--- Your task ---
Every line in the data below has to be repeated exactly; no picture belongs in the result.

___ Information ___

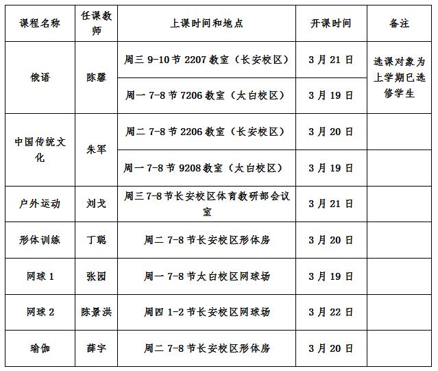2.《中国传统文化》及体育选修课选课方式:有意向选修的研究生第一次课按时到上课地点进行试听,试听结束后如确定选修,在任课教师处登记报名。
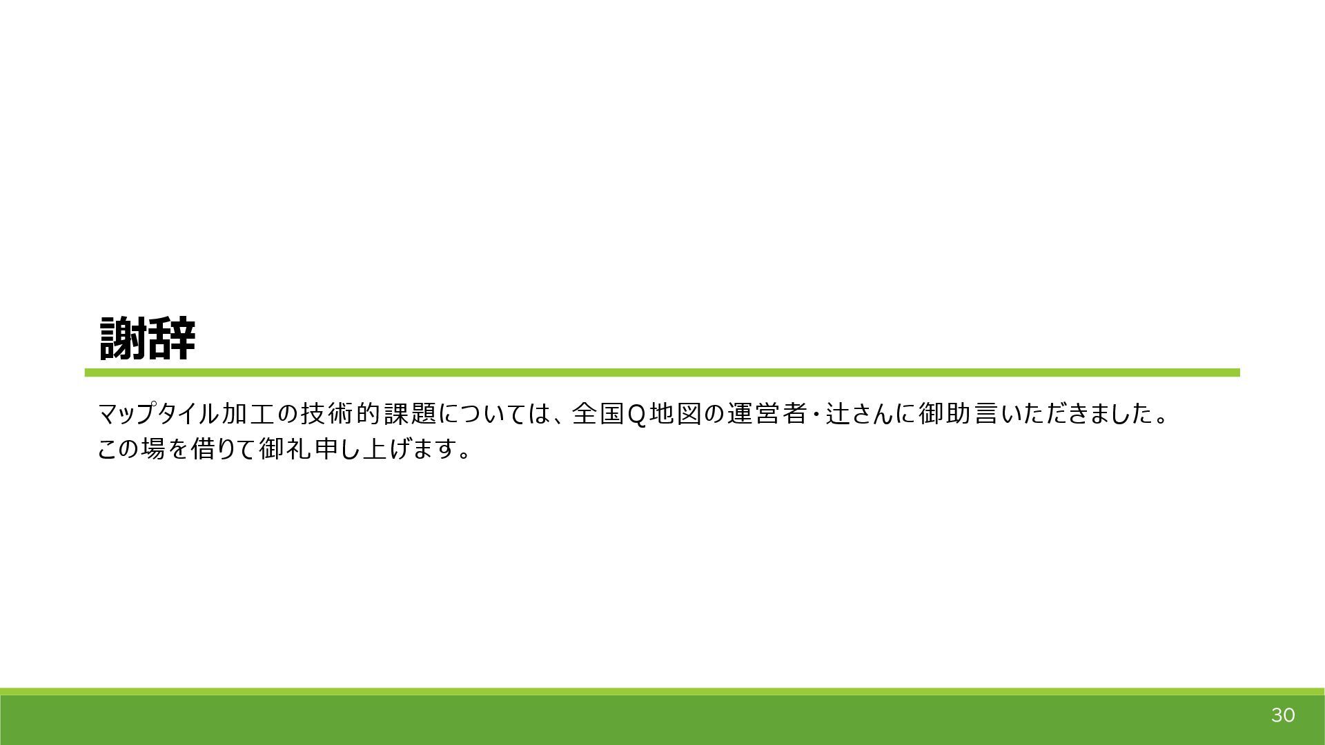 謝辞 30 マップタイル加工の技術的課題については、全国Q地図の運営者・辻さんに御助言いただきました。 この場を借りて御礼申し上げます。
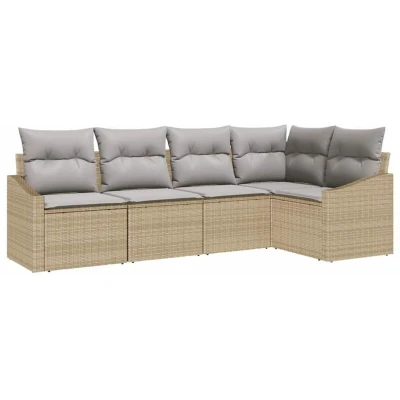 vidaXL 5 Piece Garden Dining Set with Cushions Beige Poly Rattan
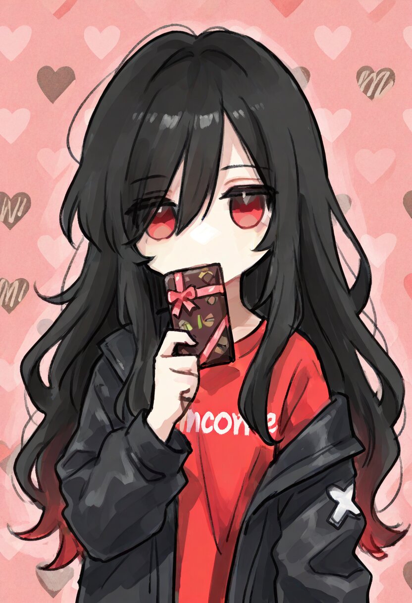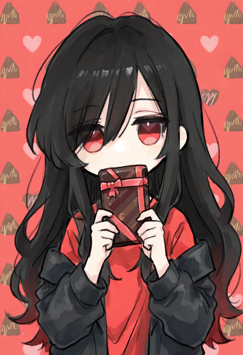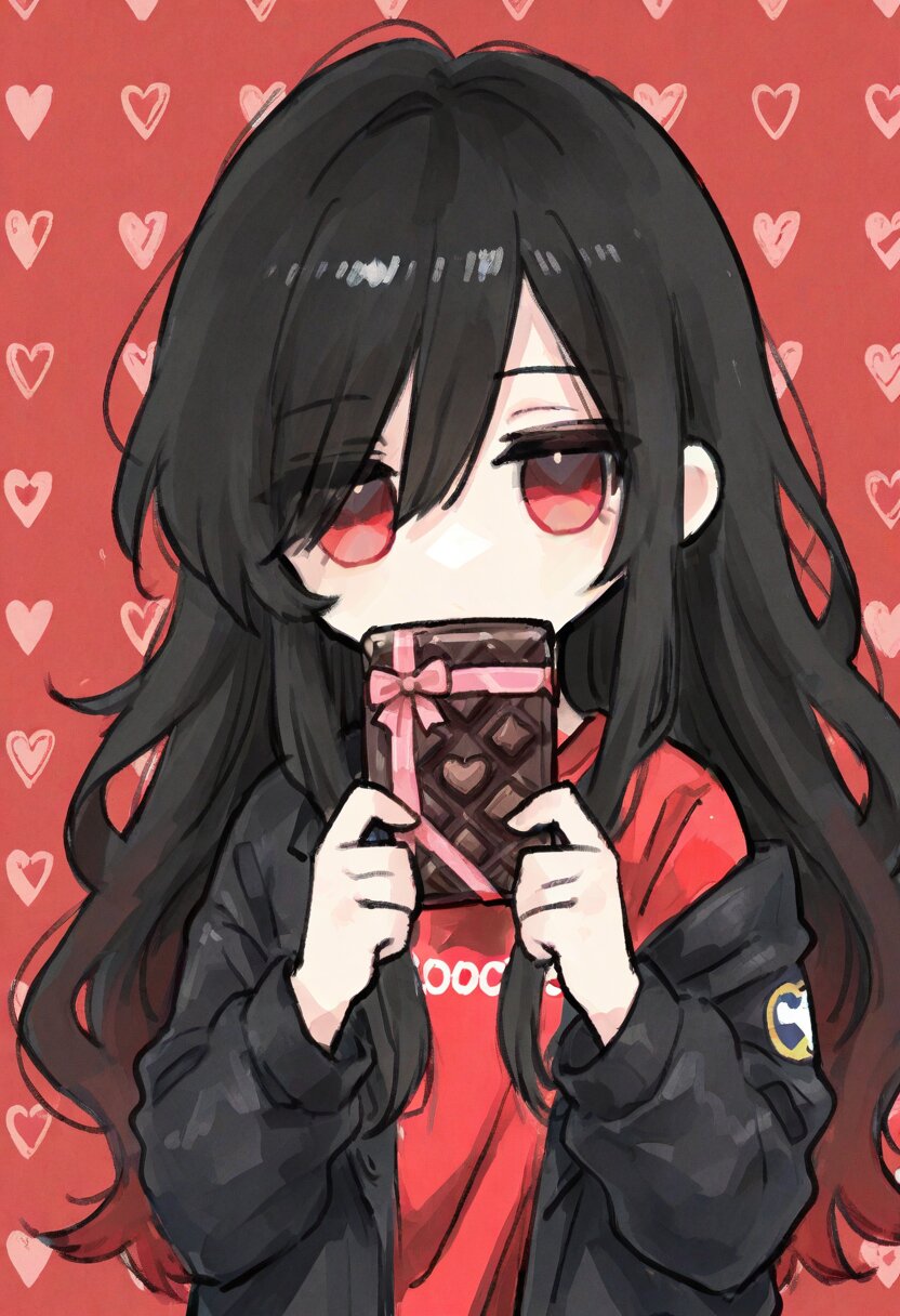 <lora:inmnstyleilxl:0.9>, chibi, solo, 1girl, upper body, looking at viewer, holding chocolate box, black hair, long hair, wavy hair, long bangs, red colored tips hair, red eyes, jitome, black jacket, offshoulder jacket, red t-shirt, Valentine background, ultra-detailed, best quality, masterpiece, very aesthetic, watercolor painting, general
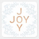 Diseño pegatina vacacional sencillo y elegante con "JOY" escrito en grandes letras en negrita sobre fondo blanco con polvorientos elementos botánicos azules.
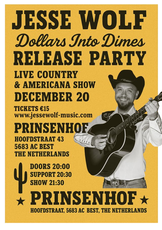 Op 20 december 2025 verschijnt het debuutalbum Dollars into Dimes op LP! Dat viert Jesse Wolf met een Country & Americana-avond vol topmuzikanten, kwaliteit en vakmanschap.
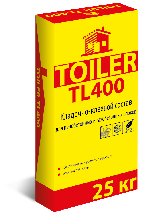 Кладочно-клеевой состав TOILER TL 400 предназначен для тонкослойной кладки пазовых и беспазовых блоков. Предотвращает образование “мостиков холода” в местах швов между плитами и блоками. Это достигается минимизацией толщины шва (2,0 - 3,5мм при правильной геометрии блока).

___

--- Response for this exercise ---
2.《中国传统文化》及体育选修课选课方式:有意向选修的研究生第一次课按时到上课地点进行试听,试听结束后如确定选修,在任课教师处登记报名。
 謝辞 30 マップタイル加工の技術的課題については、全国Q地図の運営者・辻さんに御助言いただきました。 この場を借りて御礼申し上げます。
 vidaXL 5 Piece Garden Dining Set with Cushions Beige Poly Rattan
 <lora:inmnstyleilxl:0.9>, chibi, solo, 1girl, upper body, looking at viewer, holding chocolate box, black hair, long hair, wavy hair, long bangs, red colored tips hair, red eyes, jitome, black jacket, offshoulder jacket, red t-shirt, Valentine background, ultra-detailed, best quality, masterpiece, very aesthetic, watercolor painting, general
 Diseño pegatina vacacional sencillo y elegante con "JOY" escrito en grandes letras en negrita sobre fondo blanco con polvorientos elementos botánicos azules.
 Op 20 december 2025 verschijnt het debuutalbum Dollars into Dimes op LP! Dat viert Jesse Wolf met een Country & Americana-avond vol topmuzikanten, kwaliteit en vakmanschap.
 Кладочно-клеевой состав TOILER TL 400 предназначен для тонкослойной кладки пазовых и беспазовых блоков. Предотвращает образование “мостиков холода” в местах швов между плитами и блоками. Это достигается минимизацией толщины шва (2,0 - 3,5мм при правильной геометрии блока).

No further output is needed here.